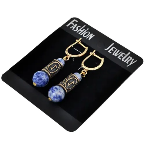 Серьги-амулеты с руной Эйваз (Устранение любых препятствий), содалит SER021
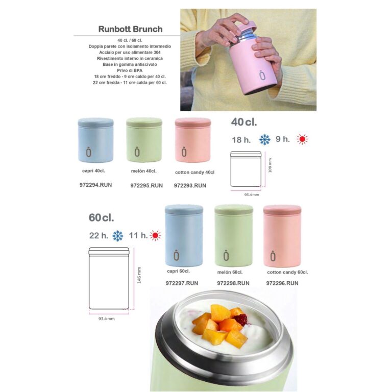 Il Runbott Brunch è il contenitore ideale per portare i tuoi pasti preferiti ovunque tu vada, mantenendoli alla temperatura perfetta per ore. Grazie al suo design funzionale e alla sua tecnologia di isolamento all'avanguardia, il tuo pranzo sarà sempre caldo o freddo al punto giusto.
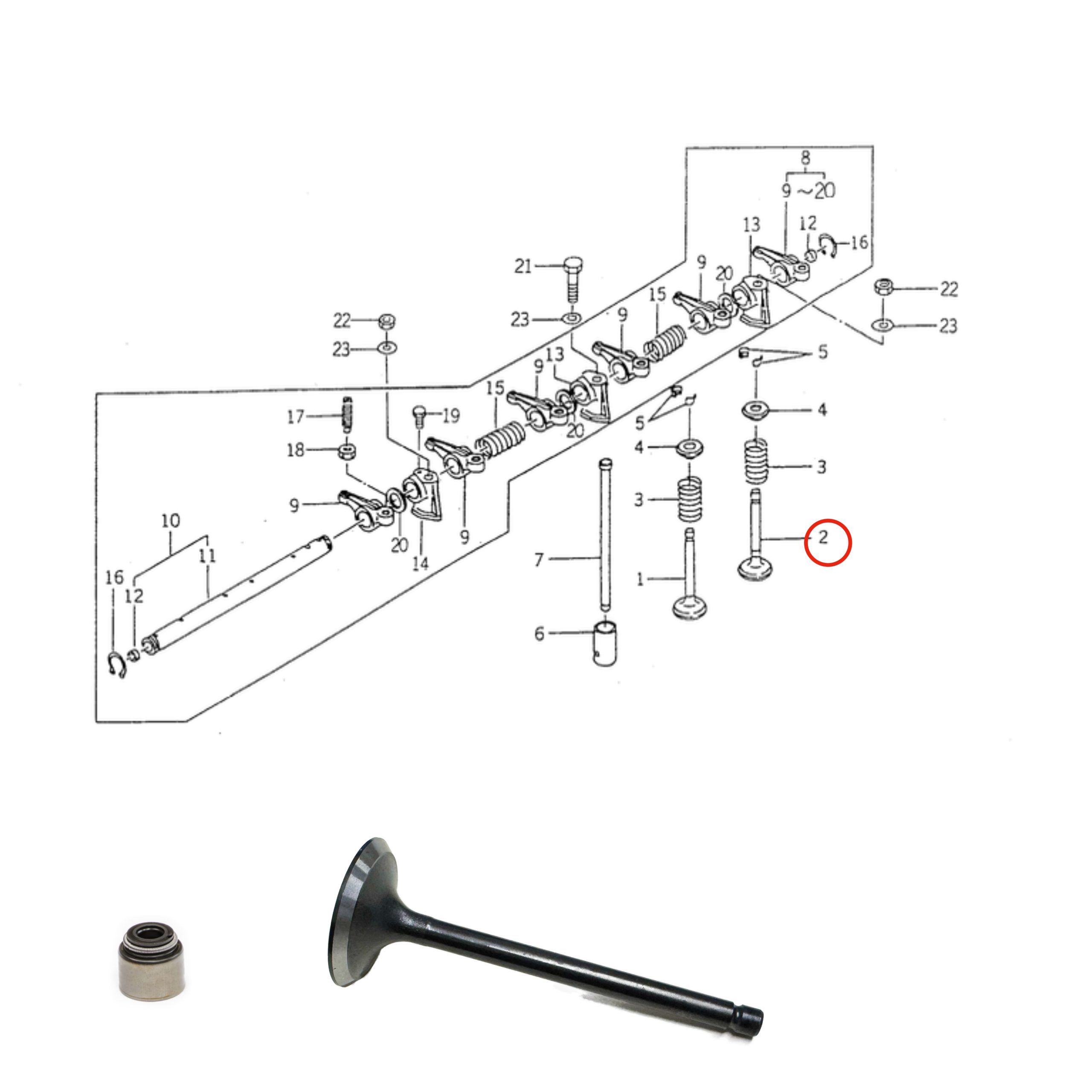 Inlaatklep Yanmar 3TNV70 | 3TNM72 | Goldoni | Fuchs | John deere | Takeuchi | Hitachi
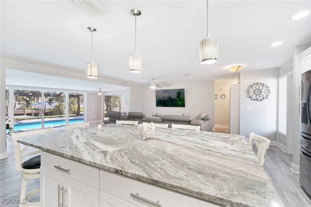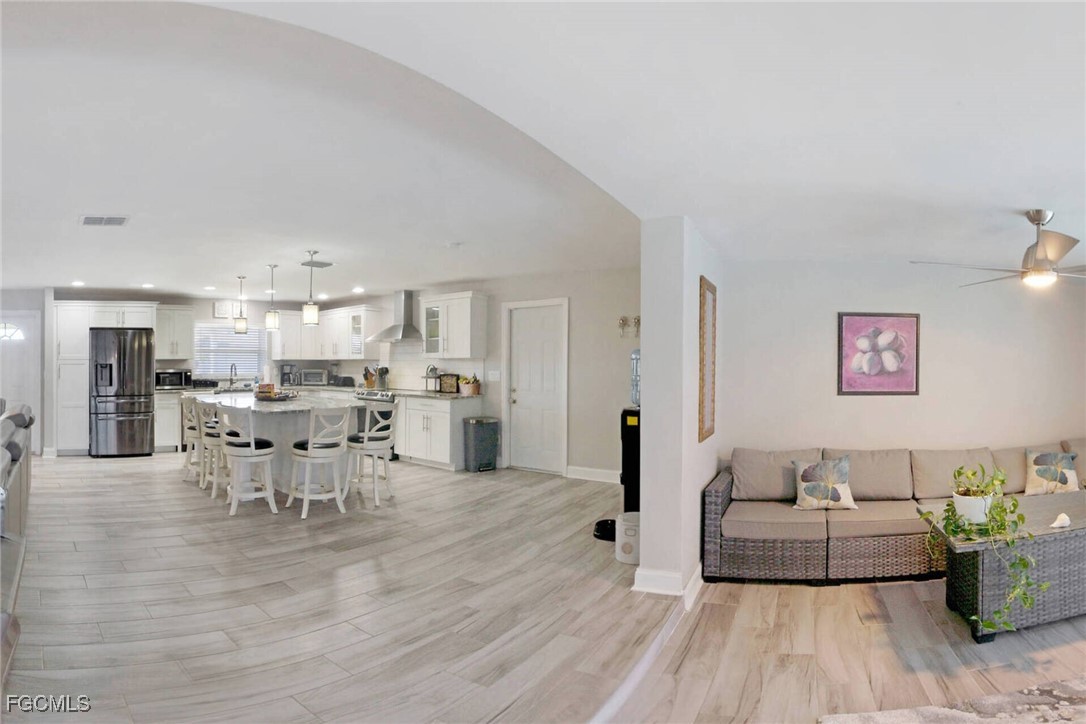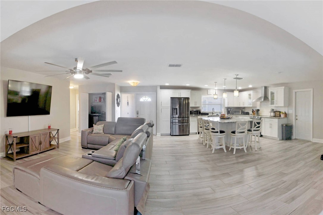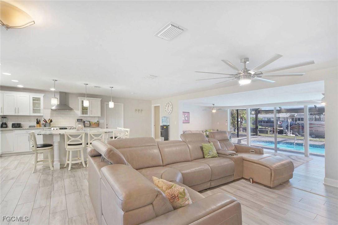 Turn Key/Located what soon will be new yacht club area rebuild coming. Enter home with view across pool area to canal and boat dock. Beautiful kitchen with Shaker white cabinets and center island for your gatherings. Screened pool area with covered Lani area. Completely updated Home 3 Bed 2 Bath, Heated pool Home Updates include pool heater, pool surface, Pool cage, pool equipment , AC and Boat dock with 30k Lift. No bridge/Sail boat access to the Caloosahatchee river, South to Gulf of Mexico, North to Lake Okeechobee. Ready for new owners of this waterfront Paradise.
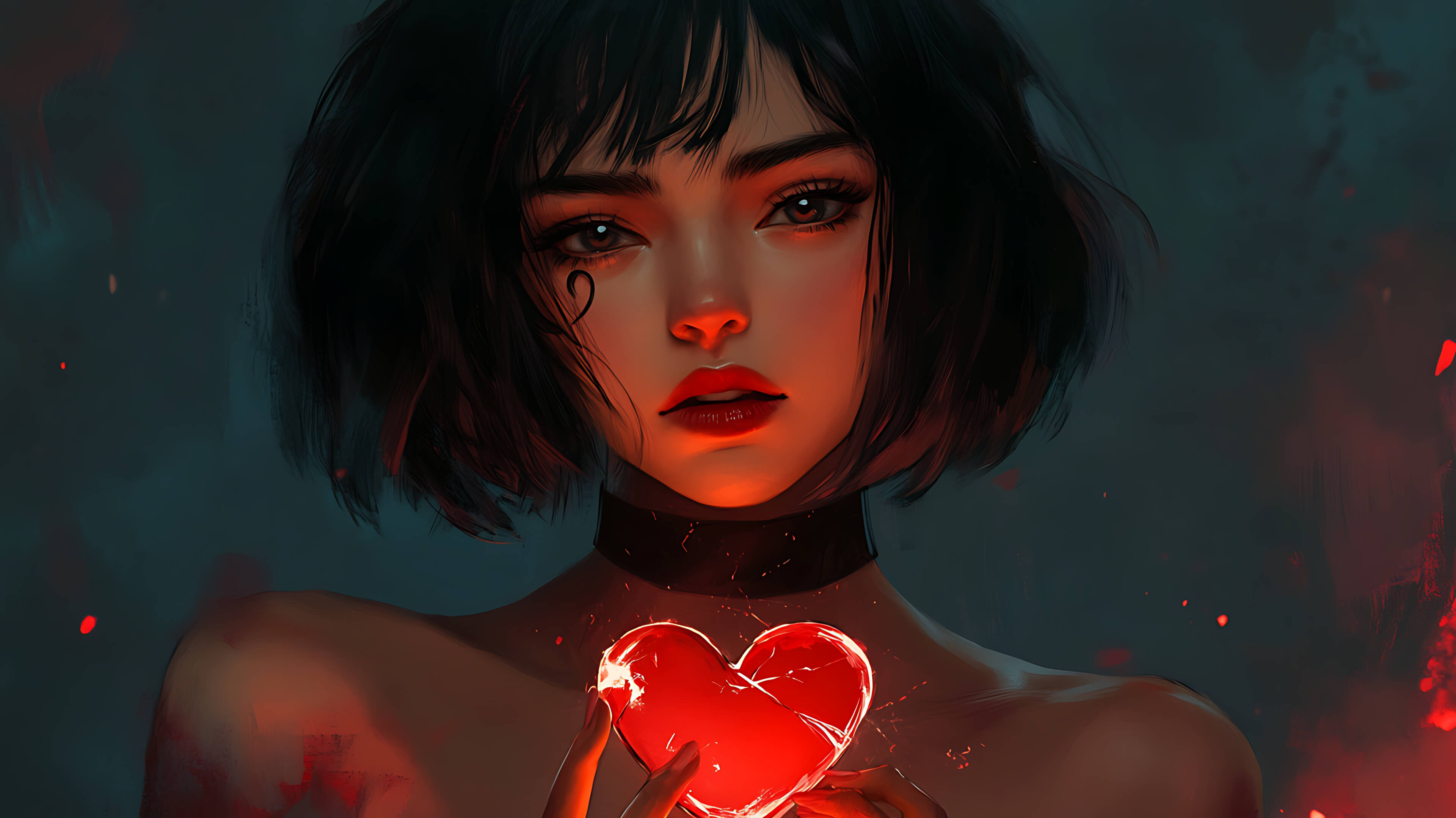 Digital painting of a sad girl with short black hair holding a glowing, cracked red heart in her hands, with a dark and moody background.
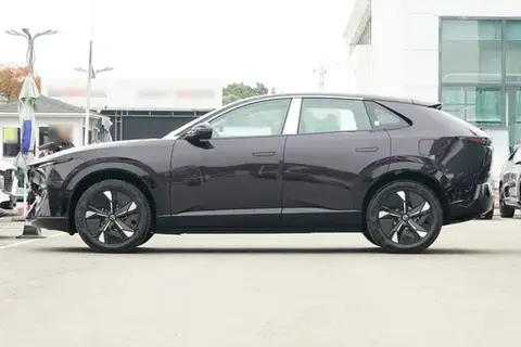 从外观来看,EZ-60延续了马自达标志性的魂动设计语言,并针对电动化平台进行了适应性优化。车身线条流畅,比例协调,整体姿态兼具动感与稳重。前脸采用盾形封闭格栅,与LED灯组融合自然,视觉上简洁且富有科技感。车侧通过A柱至D柱的连续弓形线条营造出向前俯冲的动势,配合悬浮式车顶与C柱黑色饰条,强化了整车的轻盈感。尾部造型灵感源于人体曲线,避免了传统SUV的方正呆板,更显灵动。

#####

◆ Your goal
All the lines above are to be reproduced exactly, except the pictures.

◆ Solution to this task
 Серьги-амулеты с руной Эйваз (Устранение любых препятствий), содалит SER021
 Il Runbott Brunch è il contenitore ideale per portare i tuoi pasti preferiti ovunque tu vada, mantenendoli alla temperatura perfetta per ore. Grazie al suo design funzionale e alla sua tecnologia di isolamento all'avanguardia, il tuo pranzo sarà sempre caldo o freddo al punto giusto.
 Inlaatklep Yanmar 3TNV70 | 3TNM72 | Goldoni | Fuchs | John deere | Takeuchi | Hitachi
 Turn Key/Located what soon will be new yacht club area rebuild coming. Enter home with view across pool area to canal and boat dock. Beautiful kitchen with Shaker white cabinets and center island for your gatherings. Screened pool area with covered Lani area. Completely updated Home 3 Bed 2 Bath, Heated pool Home Updates include pool heater, pool surface, Pool cage, pool equipment , AC and Boat dock with 30k Lift. No bridge/Sail boat access to the Caloosahatchee river, South to Gulf of Mexico, North to Lake Okeechobee. Ready for new owners of this waterfront Paradise.
 Digital painting of a sad girl with short black hair holding a glowing, cracked red heart in her hands, with a dark and moody background.
 从外观来看,EZ-60延续了马自达标志性的魂动设计语言,并针对电动化平台进行了适应性优化。车身线条流畅,比例协调,整体姿态兼具动感与稳重。前脸采用盾形封闭格栅,与LED灯组融合自然,视觉上简洁且富有科技感。车侧通过A柱至D柱的连续弓形线条营造出向前俯冲的动势,配合悬浮式车顶与C柱黑色饰条,强化了整车的轻盈感。尾部造型灵感源于人体曲线,避免了传统SUV的方正呆板,更显灵动。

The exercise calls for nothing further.